Gender-related Barriers
In direct comparisons (see Table 2), cisgender women were more likely than cisgender men to report all barriers apart from privacy/stigma concerns. Transgender and genderqueer students reported more total barriers and were also more likely to report financial and cultural concerns relative to cisgender peers. In binary logistic regressions (see Tables 3 and 4), cisgender men had 50% greater odds for privacy/stigma concerns relative to cisgender women,1 whereas cisgender women had 59% greater odds for endorsing lack of time and 37% greater odds for endorsing financial concerns relative to cisgender men. Transgender/genderqueer students had significantly higher AORs for financial concerns and cultural sensitivity issues as barriers to MHSU, relative to cisgender students.
Race/Ethnicity-related Barriers to MHSU
In direct comparisons (see Table 2), White students were less likely to report barriers related to privacy/stigma, finances, logistics, or cultural concerns relative to racial/ethnic minority groups. In binary logistic regressions (see Tables 3 and 4), the odds for reporting a low perceived need for treatment was significantly lower for Black students (AOR = 0.71), the odds for questioning the helpfulness of treatment were also significantly lower for Asian, Hispanic, and Other Race students (AOR range = 0.50–0.71), and the odds for endorsing lack of time (AOR range = 0.66–0.70) were significantly lower for Black, Asian, and Hispanic students, relative to White students. In contrast, the odds for logistical concerns were 44% greater among Black students, the odds for financial concerns were 64% greater among Black and 43% greater among Hispanic students, and the odds for cultural sensitivity barriers were 3.3–6.3-fold higher among all racial/ethnic minority groups, relative to White students.

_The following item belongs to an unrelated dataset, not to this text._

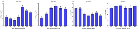 The variations in reactive oxygen species ROS levels within mango pulp over two consecutive years are depicted in Figure 3a–c. During the period of (2021–2022), there was a fluctuating pattern in the hydrogen peroxide (H2O2) content, with an initial decrease followed by a subsequent rise from 30 to 70 DAF, then decreased at later stages. Conversely, in the following year (2022–2023), the H2O2 content fluctuated from 40 to 90 DAF. Throughout (2021–2022), the hydroxyl radical (OH−) content fluctuated between 30 and 50 DAF, and remained stable afterwards. Conversely, in the following period from (2022–2023), OH− content showed a significant difference between 40 and 80 DAF and then decreased later. Furthermore, the superoxide anion (O2−) content observed a distinct upward trend during both years.

Sexual Orientation-related Barriers
In direct comparisons (see Table 2), heterosexual students were less likely to report barriers related to finances, perceptions of treatment as being unhelpful, logistics, or cultural concerns relative to sexual minority students. In binary logistic regressions (see Tables 3 and 4), the odds for reporting a low perceived need for treatment were significantly lower for gay/lesbian and „other sexual minority‟ students (AOR range = 0.60–0.68), whereas the odds for financial concerns were 47% greater among gay/lesbian and 62% greater among bisexual/pansexual students, relative to heterosexual students. The odds for questioning the helpfulness of treatment was significantly lower for bisexual/pansexual students (AOR = 0.71), yet 51% greater among „other sexual minority‟ students, relative to heterosexual students. The odds for cultural sensitivity barriers were significantly higher among all sexual orientation groups (AOR range = 1.86–5.27), apart from mostly heterosexual students, relative to heterosexual students.
Discussion
This multi-site study directly examined sociodemographic differences in reported barriers to care among a large sample of college students who screened positive for elevated suicide risk and were not receiving MH services. Of significance, frequently reported barriers included both internal perceptions (e.g., low perceived need, usefulness of therapy, stigma) and external practical concerns (e.g., lack of time, finances). At a broad level, these findings suggest that different approaches are required to address these barriers to MHSU. Further, our findings offer insights into how some of these barriers might be differentially prominent for specific sociodemographic subpopulations.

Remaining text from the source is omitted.